Entropic Entanglement: Information Prison Break

TL;DR

This paper proposes a modification to local quantum field theory near black hole horizons that allows quantum information to escape via Hawking radiation while maintaining unitarity, and explores implications for black hole thermodynamics.

Contribution

It introduces a smooth, localized modification to LQFT at the horizon that enables information leakage and unitarity restoration without affecting infalling observers.

Findings

Quantum information can escape black holes through modified Hawking radiation.

Unitarity of black hole evolution can be restored with minimal impact on infalling observers.

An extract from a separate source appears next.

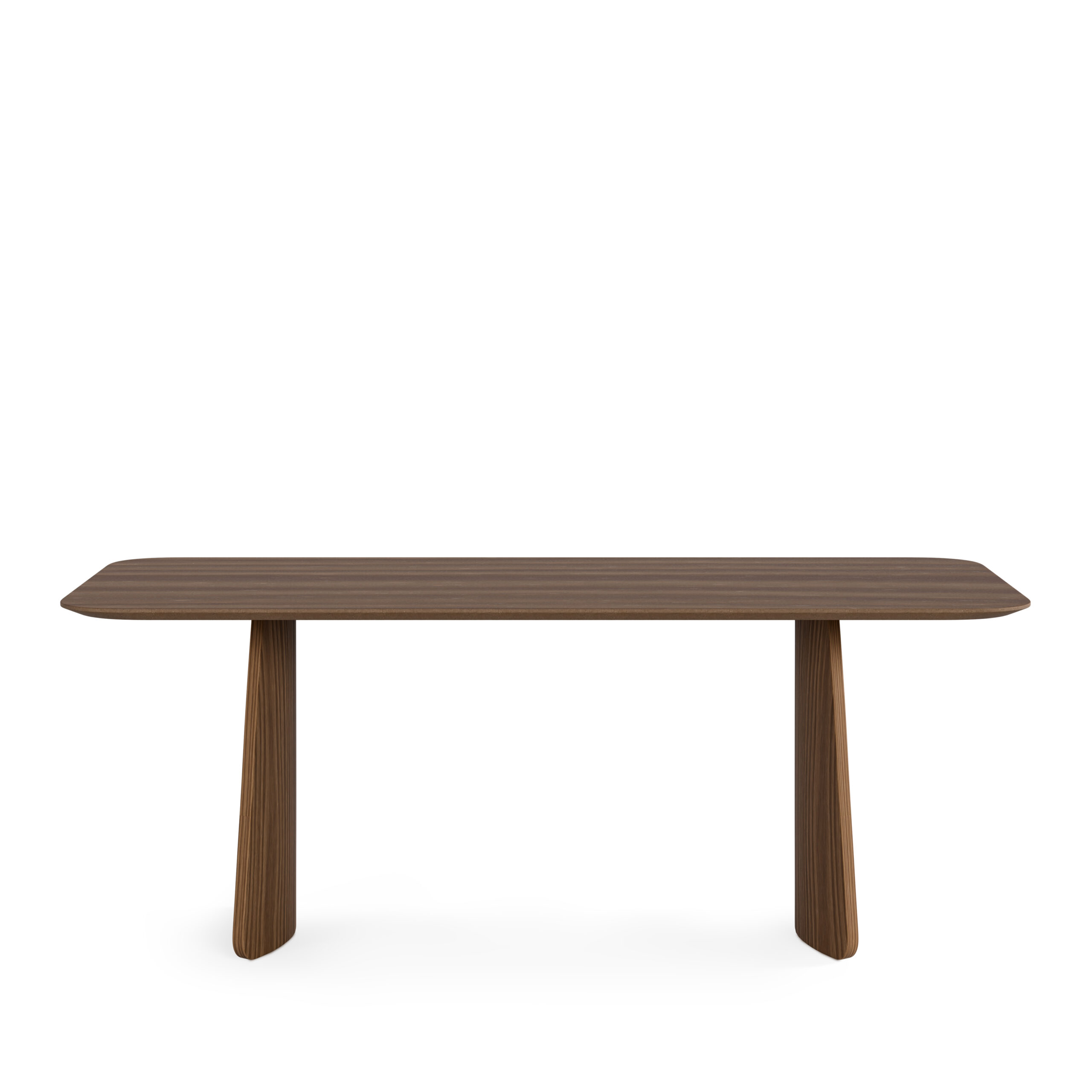 La mesa KIMBERLY irradia elegancia contemporánea gracias a su imponente diseño. Fabricada en chapa de madera acabado nogal, destaca por su tono cálido y natural que aporta una sensación de sofisticación sin estridencias, ideal para ambientes que buscan equilibrio entre funcionalidad y estilo. Con sus 200 cm de longitud, esta pieza se convierte en el punto de encuentro perfecto, ya sea en comedores familiares, espacios contract o zonas comunes con un enfoque moderno. Su estructura sorprende especialmente por las patas: un diseño escultórico que genera una base sólida y visualmente ligera al mismo tiempo. La tapa, con un grosor de 2,7 cm, refuerza la sensación de solidez y presencia, mientras que el acabado nogal se adapta con facilidad a estilos nórdicos, mid-century o incluso industriales con un toque cálido.

Black hole thermodynamics may be interpreted through entanglement entropy, leading to nonsingular horizon behavior.

Abstract

We argue certain nonviolent local quantum field theory (LQFT) modification considered at the global horizon ($r=2M$) of a static spherically-symmetric black hole can lead to adiabatic leakage of quantum information in the form of Hawking particles. The source of the modification is (i) smooth at $r=2M$ and (ii) rapidly vanishing at $r\gg2M$. Furthermore, we restore the unitary evolution by introducing extra quanta which departs slightly from the generic Hawking emission without changing the experience of an infalling observer (no drama). Also, we suggest that a possible interpretation of the Bekenstein-Hawking bound as entanglement entropy may yield a nonsingular dynamical horizon behavior described by black hole thermodynamics. Hence by treating gravity as a field theory, and considering its coupling to the matter fields in the Minkowski vacuum, we derive the conjectured fluctuations of the background geometry of a black hole.